◆ DATA EXTRACT:
····················

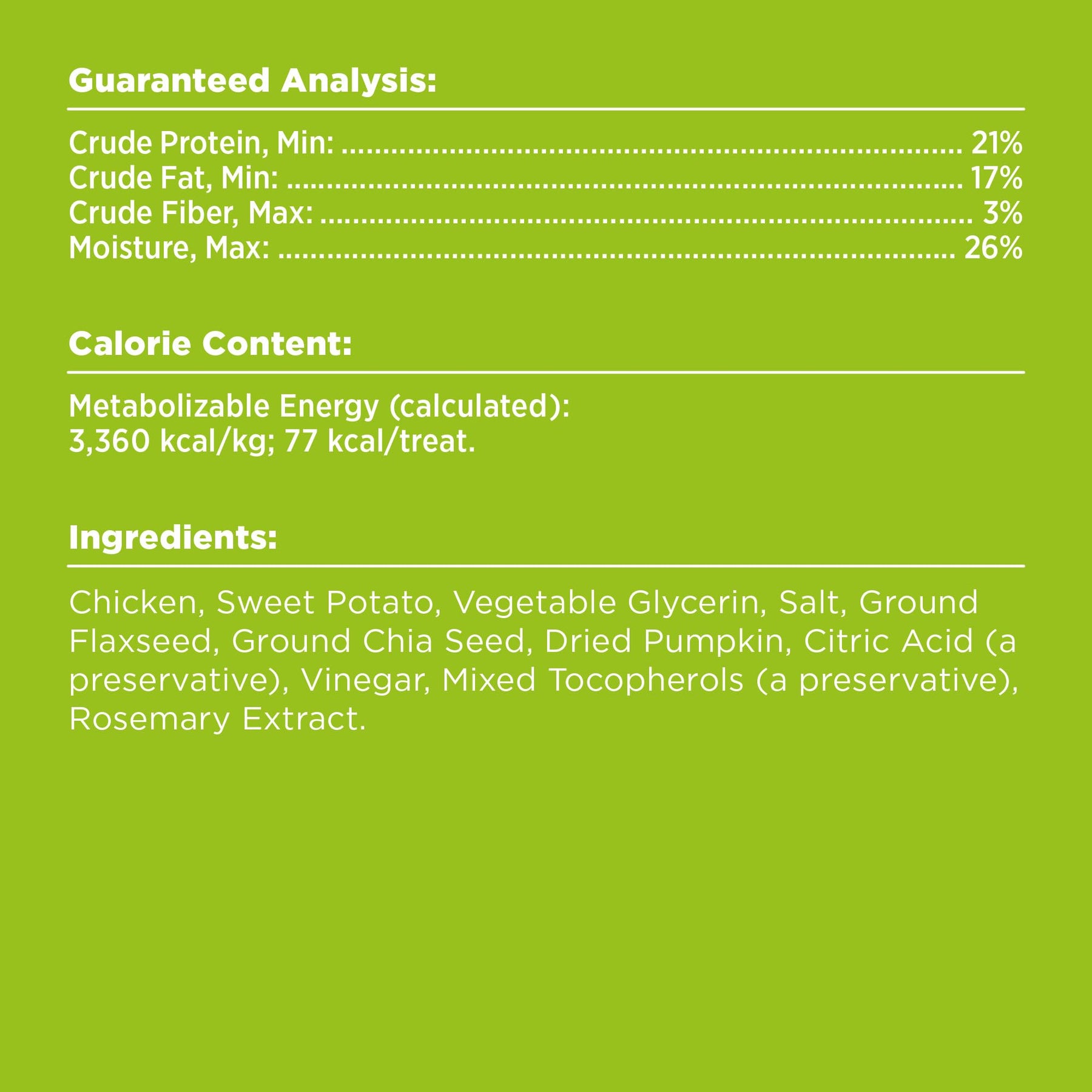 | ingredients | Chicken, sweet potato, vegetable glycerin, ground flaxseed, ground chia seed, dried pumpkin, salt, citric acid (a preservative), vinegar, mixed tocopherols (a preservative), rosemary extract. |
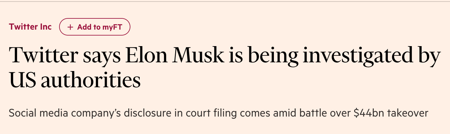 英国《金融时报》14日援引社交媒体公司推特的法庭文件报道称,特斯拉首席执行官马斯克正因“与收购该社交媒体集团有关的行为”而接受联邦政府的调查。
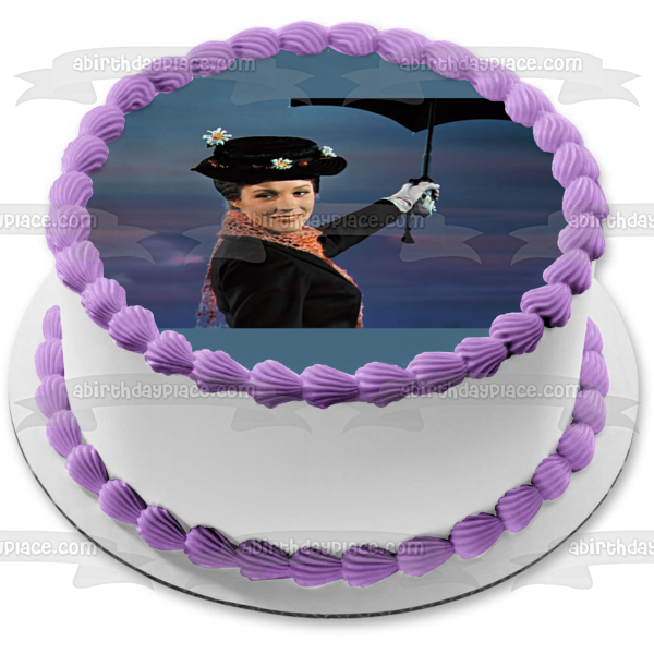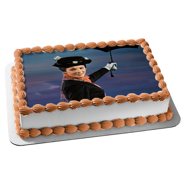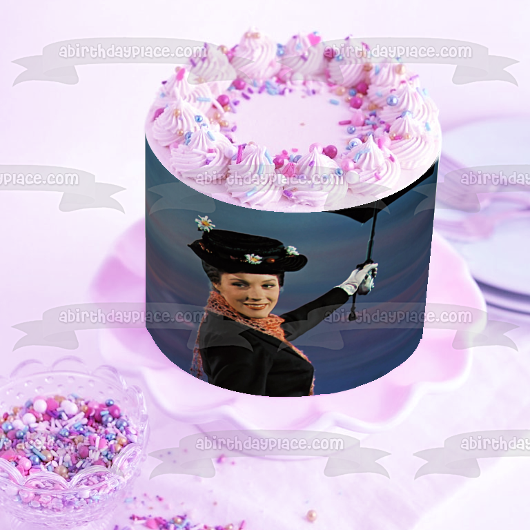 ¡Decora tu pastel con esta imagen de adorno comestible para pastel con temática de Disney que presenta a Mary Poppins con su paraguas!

····················

◆ ABOUT THIS EXERCISE: In your copy of the listing above, every line must match exactly and no picture may appear.

◆ EXERCISE ANSWER:
 | ingredients | Chicken, sweet potato, vegetable glycerin, ground flaxseed, ground chia seed, dried pumpkin, salt, citric acid (a preservative), vinegar, mixed tocopherols (a preservative), rosemary extract. |
 英国《金融时报》14日援引社交媒体公司推特的法庭文件报道称,特斯拉首席执行官马斯克正因“与收购该社交媒体集团有关的行为”而接受联邦政府的调查。
 ¡Decora tu pastel con esta imagen de adorno comestible para pastel con temática de Disney que presenta a Mary Poppins con su paraguas!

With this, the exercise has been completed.